Each of them has cracked the code that grants access to capital and influential social networks, but I also wanted to learn about how they approached leadership and management, hear some of their strategies for building confidence and find out whether generic best practices for startup success applied to their lived experiences.

Thanks again to the panelists who joined me. We went slightly over our allotted time, but it was a candid discussion that uncovered some unique perspectives. I picked out some of the highlights for the recap, but there’s a video that captures the entire chat.

Have a great week, and thanks for reading TechCrunch+!

Walter Thompson
Senior Editor, TechCrunch+
@yourprotagonist

Where and when to spend your recently raised dollars

Image Credits: PM Images / Getty Images

Startups have lots of options when it comes to fundraising, with “ample capital, a focus on distributed investing [and] more first-check investors than ever before,” Natasha Mascarenhas writes.

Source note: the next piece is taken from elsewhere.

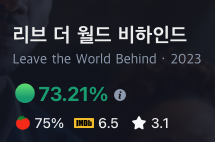 이상 넷플릭스 영화 '리브 더 월드 비하인드' 간단 줄거리, 평점, 결말과 주관적인 해석이었습니다.

At TechCrunch Disrupt, Harlem Capital’s Henri Pierre-Jacques and BBG Ventures’ Nisha Dua explained how founders should allocate recently raised dollars in today’s environment.

“It’s easier to raise and harder to spend these days, because there’s such a high demand for talent,” Dua said. “The answer for where to spend is going to be different for every company across many different industries.”

Battery chemistry company Sila’s founder Gene Berdichevsky on the science of scaling up

Image Credits: Bryce Durbin

As part of an ongoing series of interviews with founders of transportation companies, Rebecca Bellan spoke to Sila Nano founder Gene Berdichevsky about his company’s efforts to build and scale the next generation of EV batteries.

“We want to be a world leader and do for the energy storage industry what Intel did for the personal computing industry,” he said.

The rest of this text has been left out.